Attention 개념만 가저온 모델로서 병렬 연산이 가능해짐(문장 전체를 한 번에 학습)에 따라 학습 속도가 매우 빠르고, 단어간의 관계를 Attention 모델보다 정확하게 파악할 수 있다는 장점이 존재한다.

2.1. Attention map

input과 output이 동일한 self attention을 수행해며, 한 단어에 대하여 여러 특징을 추출하기 위하여 다양하게 map을 생성한다.

출처: https://data-science-blog.com/wp-content/uploads/2021/12/Transformer_head_img-1030x161.png

2.2. Transformer의 기본 구조

Attention과 동일하게 seq2seq(Encoder - Decoder)구조를 가지고 있지만, Attention Map을 생성할 때 재귀적으로 학습이 이뤄지는 것이 아니라 한번에 연산을 수행한다.

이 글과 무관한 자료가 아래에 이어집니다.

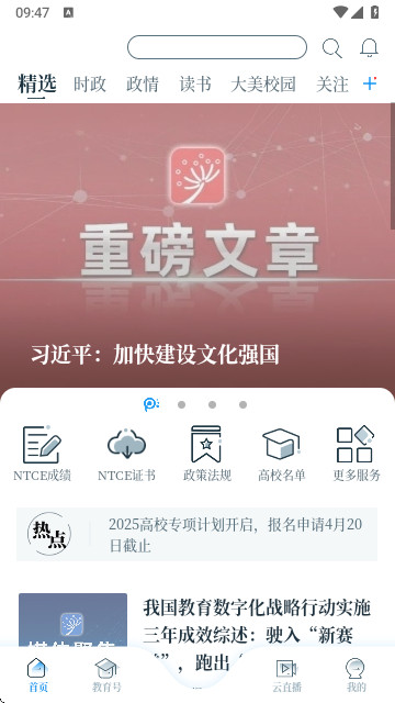 中国教育发布app还涵盖了不同教育阶段的资讯内容,从幼儿园到中小学,再到大学,根据我国的不同教育阶段设计了不同的资讯专栏,不同专栏中有不同的教育资讯相关文章。有需求的小伙伴快来下载体验吧!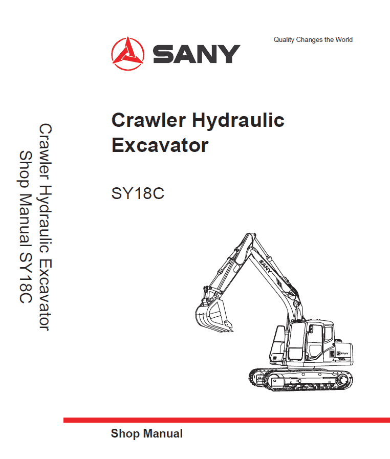 - Sany SY18C Hydraulic Excavator Repair Service Manual – 454 Pages
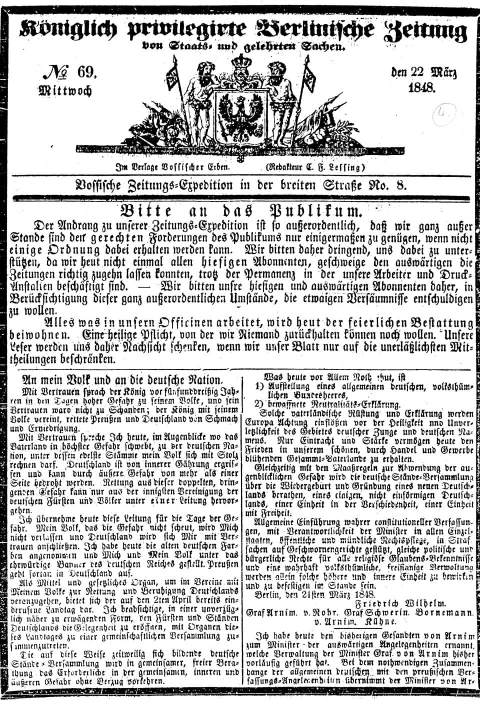 In der Vossischen Zeitung des 19. Jahrhunderts kämpfte Willibald Alexis für die Pressefreiheit. Wir führen diesen Kampf heute gegen die Algorithmen. Wir lassen uns nicht von den „Trusted Flaggers“ vorschreiben, was eine „gelehrte Sache“ ist.
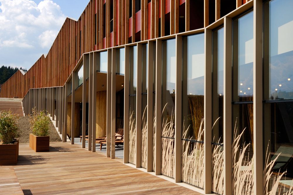 位於斯洛文尼亞奧利米亞溫泉區的永續酒店,以獨特的建築設計聞名,巧妙地隱藏在森林中與周圍的自然環境完美融合。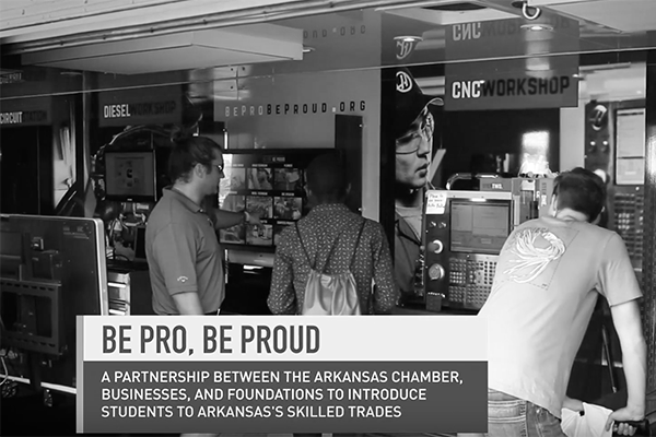Most Arkansas students know that it takes years of college to become a doctor or lawyer and the financial reward those careers provide. Too few students know about the training path it takes to become a computer numerically controlled (CNC) operator, a tool and die maker or a plumber. They don’t know these careers demand high skills and provide family-supporting wages. Be Pro, Be Proud identifies in-demand, high-skill jobs, provides interactive experiences for students like George and connects them to training at community colleges. Be Pro, Be Proud also helps employers coordinate with colleges to co-create the training and certifications they need employees to have.

아래 모델은 2개의 sub-layer를 가진 Encoder와 3개의 sub-layer를 가진 Decoder로 이루어져 있으며, 해당 연산을 수행할 때 input과 output의 shape(tensor;batch size, seq of length, embedding size)는 모두 동일하다.

출처: https://mlwhiz.com/images/transformers/4.png

실질적으로 Attention을 수행하는 것은 오른편의 Multi-Head Attention과 Scaled Dot-product Attention에서 진행되며, Scaled Dot-product Attention의 결과에서 Attention Map을 얻을 수 있다.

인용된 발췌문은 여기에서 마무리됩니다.